The pace of economic change continues to accelerate, driven by global competition, rapid developments in technology, and the shift in transaction power from seller to buyer. Businesses are perpetually disrupted by the need to respond faster in creating strategic value for customers, or suffer the consequences if they cannot do so quickly enough. 

It’s an economy that demands agility and innovation to create value and sustainability.

Creating value is difficult work, much more challenging than extracting it from the business by downsizing, reorganizing, de-layering, re-engineering, etc. Creating value is the work of leaders. It’s expected that leaders will drive productive change, engaging and inspiring their people to invest the extra effort necessary to execute strategy, innovate and move faster, creating the required strategic value. 

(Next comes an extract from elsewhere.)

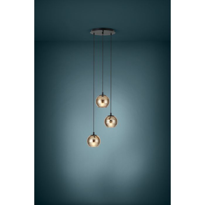 Μοντέρνο Κρεμαστό Φωτιστικό Τρίφωτο Ροζέτα 44cm 3xE27 Μαύρο-Χρυσαφί Eglo Lemorieta 39685
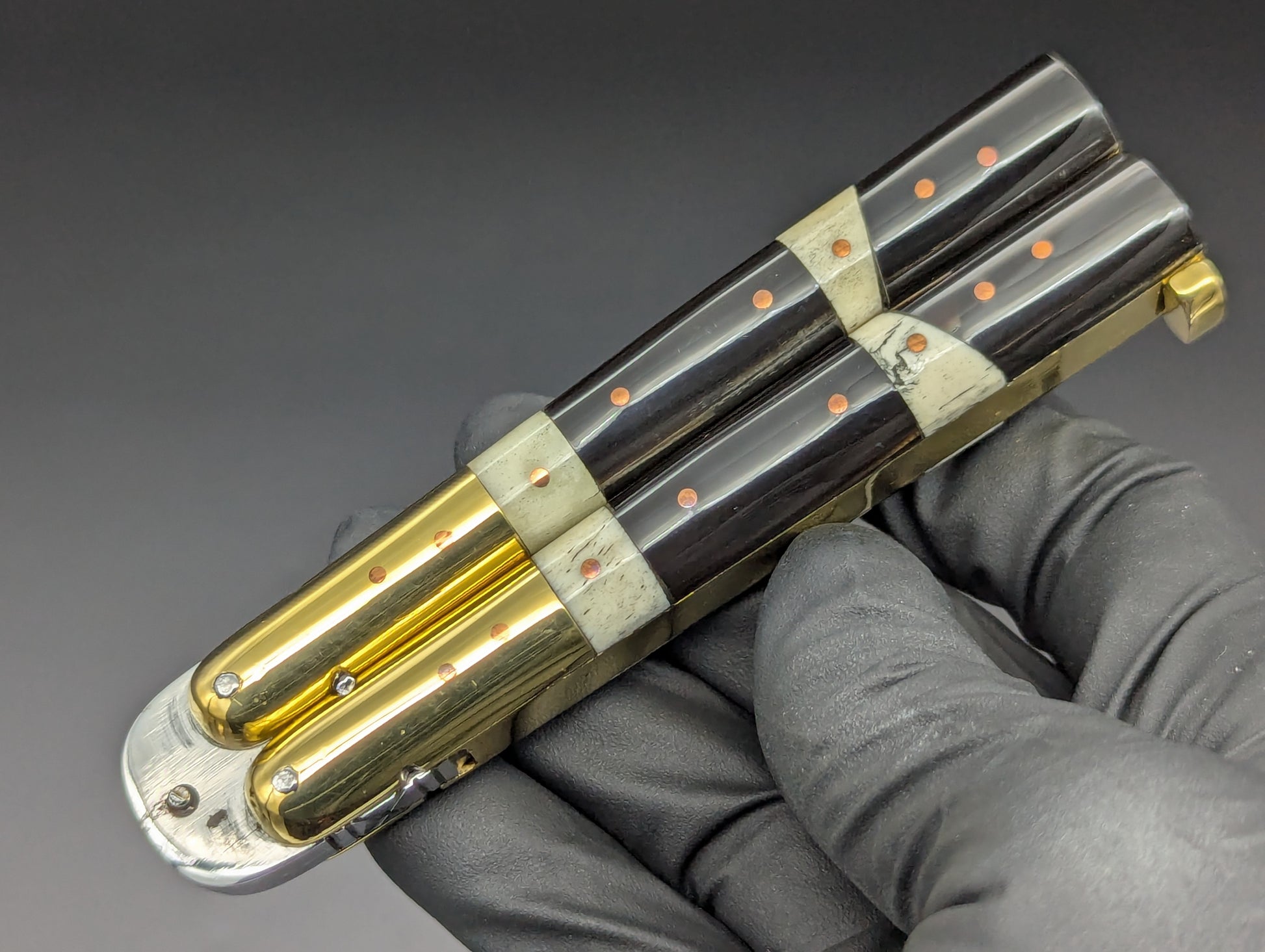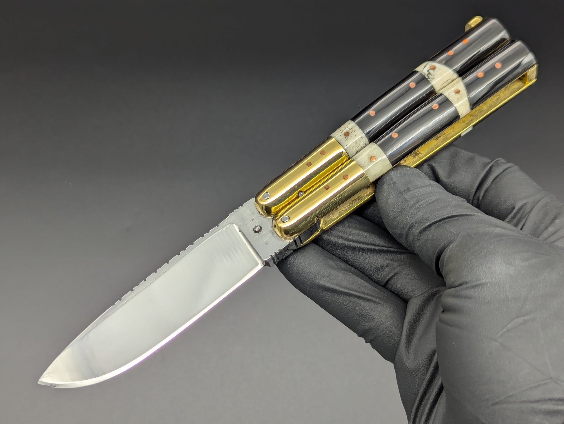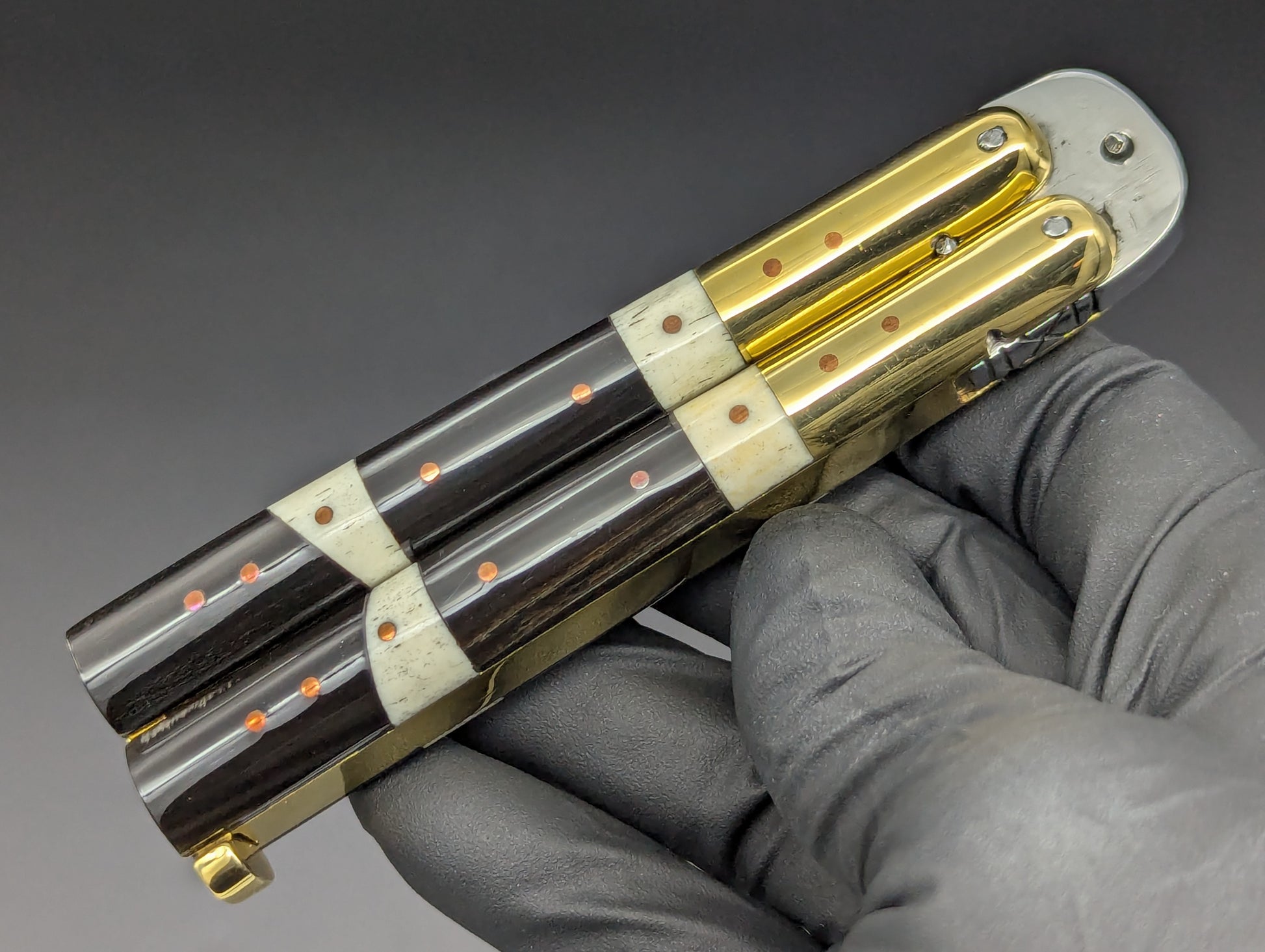 STRAIGHT FROM THE HANDS OF "MAURO" MASTER BALISONG MAKER! 7.5" CARABOO & WHITE BONE/ BRASS WITH RAZOR SHARP FILEWORKED BLADE. MAKERS MARKS ON LATCH. 3.5" BLADE.

For decades, it’s been common managerial practice to improve results by standardizing products and processes, delivering increased operational efficiency and less risk. Sustaining performance is the responsibility of a management bureaucracy and a top-down command and control structure. Having established this operating model, the focus shifts to continually refining and pruning the operation to extract value from it, guided by readily available internal data. This proven methodology may produce short-term profitability, but it also produces mediocrity, and does not create value or cultivate sustainability

Improving operational efficiency is still a vital, necessary objective, but it is no longer the priority. To create value in today’s economy, leaders get their cues by looking outward, gaining insight by collaborating with customers to accelerate progress and prosperity – just like they did when the business was new and seeking their first customers. And they keep asking questions like these?

  • How can we accelerate decision-making to help our business move faster?
  • How can our organization pursue innovation when all of its systems and procedures are dedicated to preserving the status quo and extracting gains from efficiency?
  • How can we encourage creativity and collaboration when the current operating structure still involves managers telling workers what to do?
  • How can we build trust and transparency when our vertical management structure inherently fosters bureaucracy and non-transparency?
  • How can our business innovate with a dispirited, sometimes disruptive, workforce?

To prosper in today’s economy, companies rely on leaders who can mobilize their people to challenge what is possible, transform values into actions, and create strategic value for customers and the organization.